What to do:
Please return every record exactly as written, leaving out the pictures.

Data excerpts
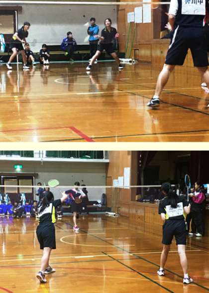 昨日(11月5日)、バドミントン部の予選(団体、個人)が、西賀茂中学校で行われました。午前中に団体戦の予選を3試合行いました。1試合目は神川中学校と対戦し、0−3で負けました。
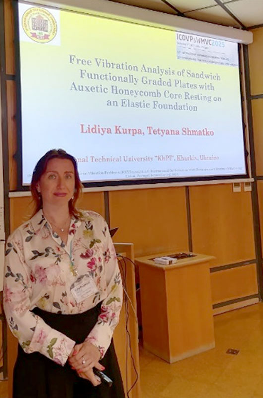 Професорка кафедри Вищої математики Тетяна Валентинівна Шматко стала учасницею єдиної української групи, яка брала участь у 16-й Міжнародній конференції з проблем вібрації (ICOVP-2025) та 11-й Міжнародній конференції з хвильової механіки та коливань (WMVC-2025), що проходили разом в Лісабоні, Португалії, з 2 по 5 вересня 2025 року.
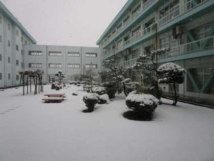生徒玄関前、武道館、中庭の様子です。すっかり雪化粧となりました。
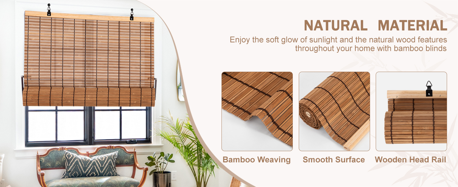 【مادة طبيعية】ستائر الخيزران اللاسلكية مصنوعة من الخيزران الطبيعي والقابل للتحلل البيولوجي، وهي مجهزة بقضيب خشبي لتقديم مظهر جميل. يتم نسج ظلال الخيزران اللاسلكية بدقة وتخضع لدرجات حرارة عالية من الكربنة، وهي قوية ومتينة وغير سامة. حتى عند تعرضها لأشعة الشمس المباشرة لفترة طويلة من الزمن، فإن ستائر النوافذ الرومانية ليست عرضة للتلاشي أو التلف
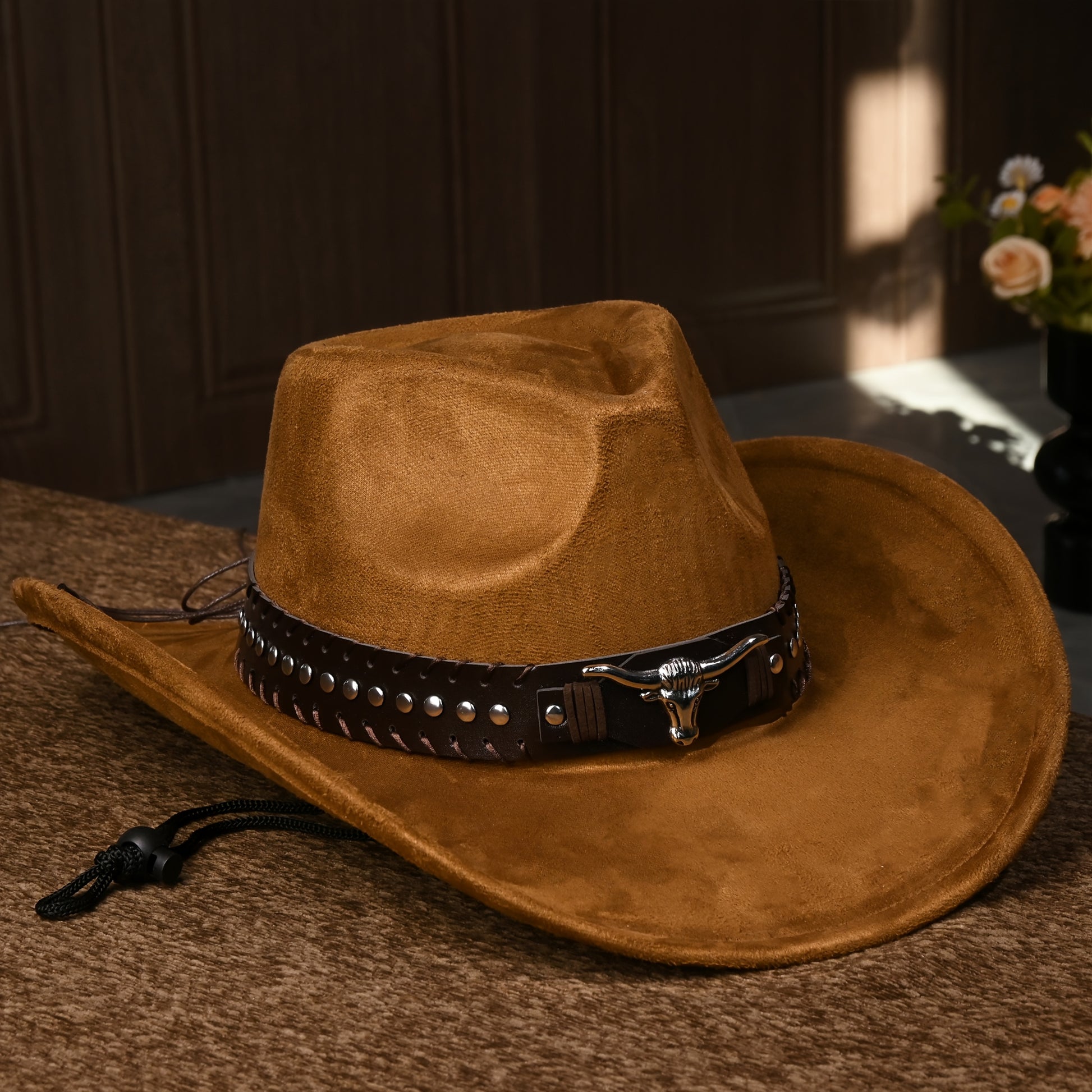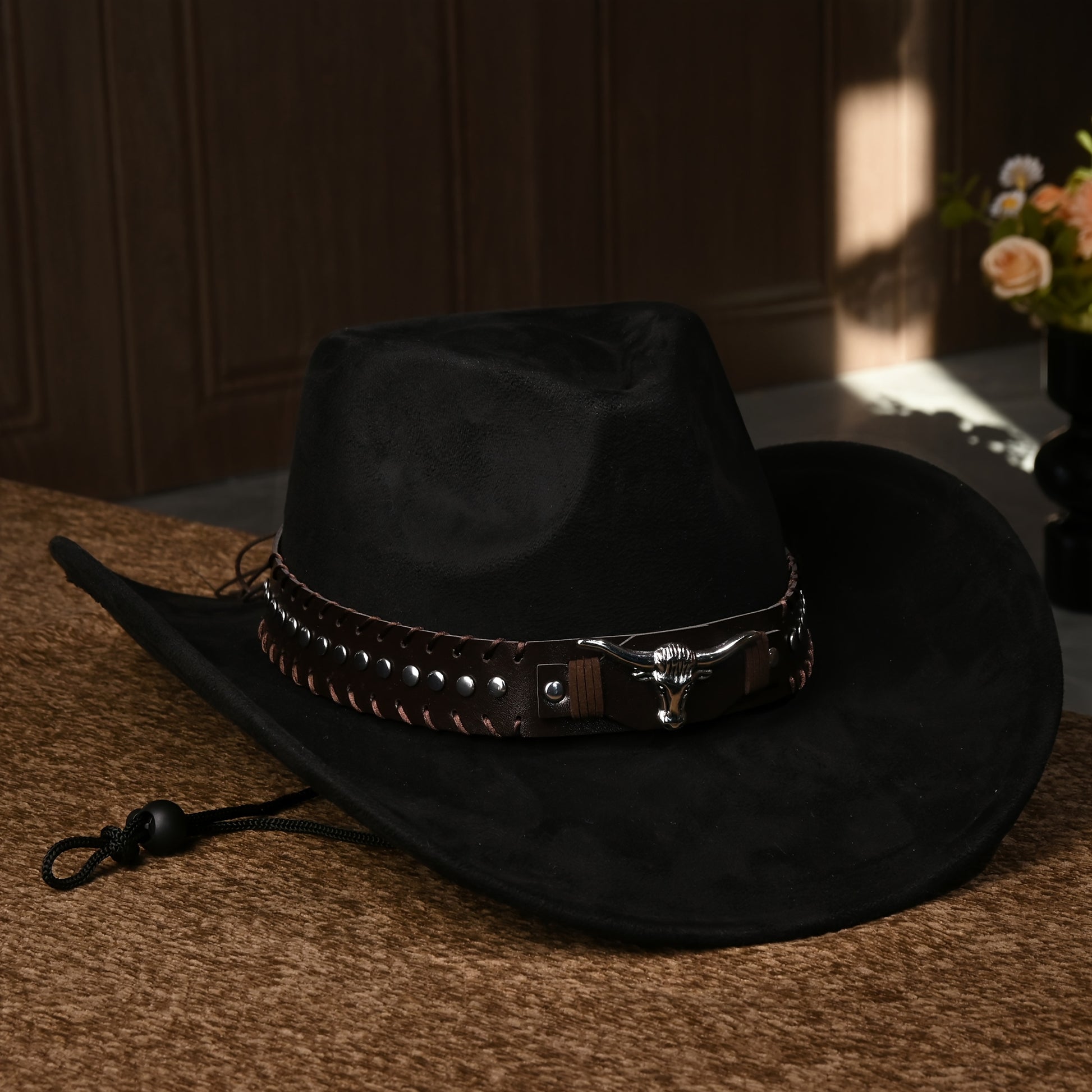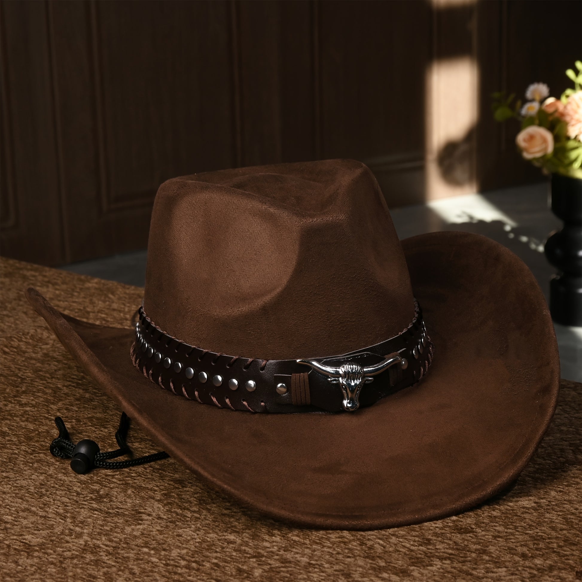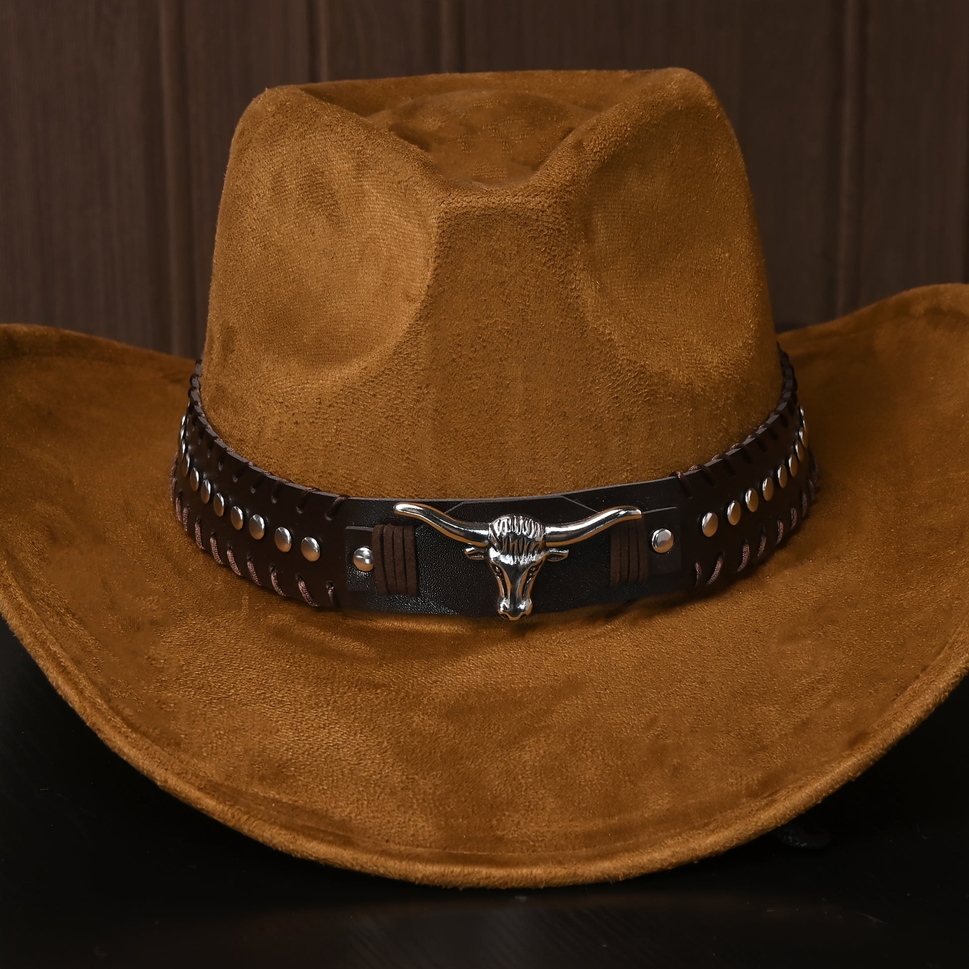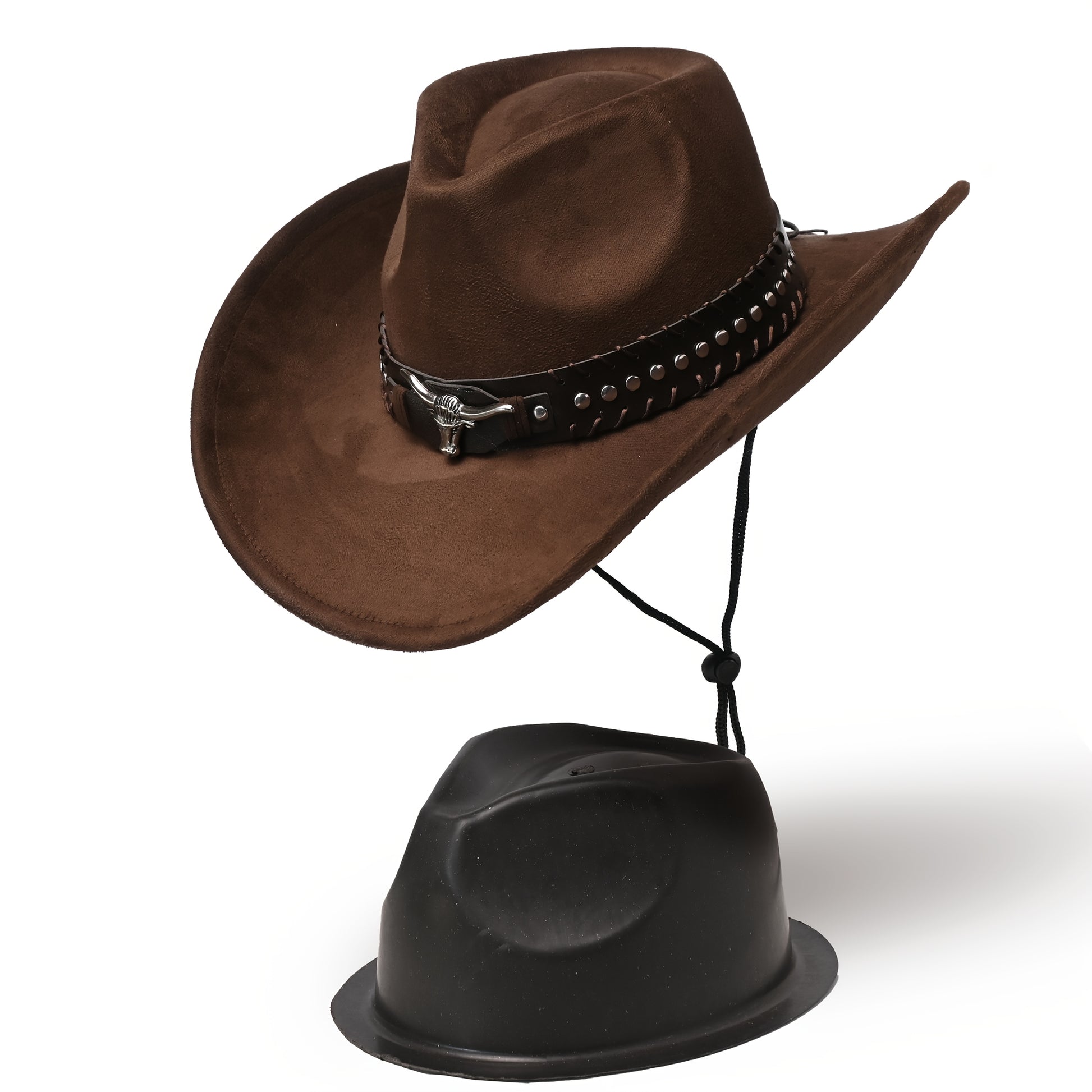 Արևմտյան կովբոյական գլխարկներ տղամարդկանց և կանանց համար, դասական արհեստական զամշից՝ մետաղական կեռիկներով և ցլի նախշերով, թեթև ունիսեքս տոնական առիթների գլխարկ, հյուսված ոչ առաձգական պոլիեսթեր՝ դեկորատիվ աքսեսուարներով, առանց փետուրների, չլվացվող

Written response:
 昨日(11月5日)、バドミントン部の予選(団体、個人)が、西賀茂中学校で行われました。午前中に団体戦の予選を3試合行いました。1試合目は神川中学校と対戦し、0−3で負けました。
 Професорка кафедри Вищої математики Тетяна Валентинівна Шматко стала учасницею єдиної української групи, яка брала участь у 16-й Міжнародній конференції з проблем вібрації (ICOVP-2025) та 11-й Міжнародній конференції з хвильової механіки та коливань (WMVC-2025), що проходили разом в Лісабоні, Португалії, з 2 по 5 вересня 2025 року.
生徒玄関前、武道館、中庭の様子です。すっかり雪化粧となりました。
 【مادة طبيعية】ستائر الخيزران اللاسلكية مصنوعة من الخيزران الطبيعي والقابل للتحلل البيولوجي، وهي مجهزة بقضيب خشبي لتقديم مظهر جميل. يتم نسج ظلال الخيزران اللاسلكية بدقة وتخضع لدرجات حرارة عالية من الكربنة، وهي قوية ومتينة وغير سامة. حتى عند تعرضها لأشعة الشمس المباشرة لفترة طويلة من الزمن، فإن ستائر النوافذ الرومانية ليست عرضة للتلاشي أو التلف
 Արևմտյան կովբոյական գլխարկներ տղամարդկանց և կանանց համար, դասական արհեստական զամշից՝ մետաղական կեռիկներով և ցլի նախշերով, թեթև ունիսեքս տոնական առիթների գլխարկ, հյուսված ոչ առաձգական պոլիեսթեր՝ դեկորատիվ աքսեսուարներով, առանց փետուրների, չլվացվող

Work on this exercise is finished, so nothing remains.